# [Input data]

-- Opening Marker --

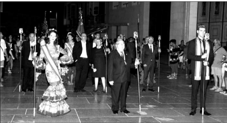
Comitiva peñista por la calle Alcazabilla.
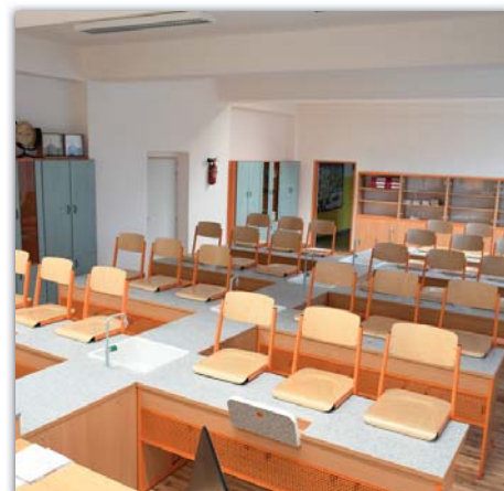
Nová učebna fyziky a chemie
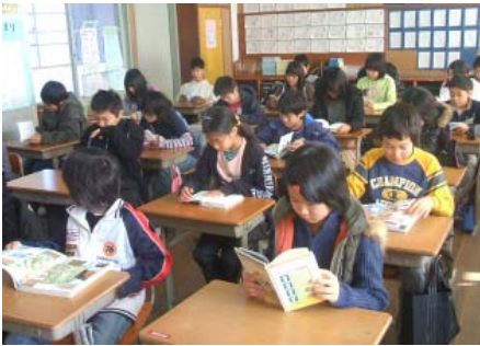
学校での学習風景

答 現在、市内小学校の半数近くに複式学級があり、近年の出生数を見ても児童生徒数がますます減少することが見込まれます。今後、学校としての機能を十分に果たすことが困難なところが出てくることも予想されます。市としては、適正な学校規模や校区編制等を総合的に検討する委員会を早急に設置し、今後のあり方についての基本方針を策定していきたいと考えています。

-- Closing Marker --

# [What to produce]
Every line above should be printed again word for word, without its pictures.

# [Expected output]
Comitiva peñista por la calle Alcazabilla.
Nová učebna fyziky a chemie
学校での学習風景

答 現在、市内小学校の半数近くに複式学級があり、近年の出生数を見ても児童生徒数がますます減少することが見込まれます。今後、学校としての機能を十分に果たすことが困難なところが出てくることも予想されます。市としては、適正な学校規模や校区編制等を総合的に検討する委員会を早急に設置し、今後のあり方についての基本方針を策定していきたいと考えています。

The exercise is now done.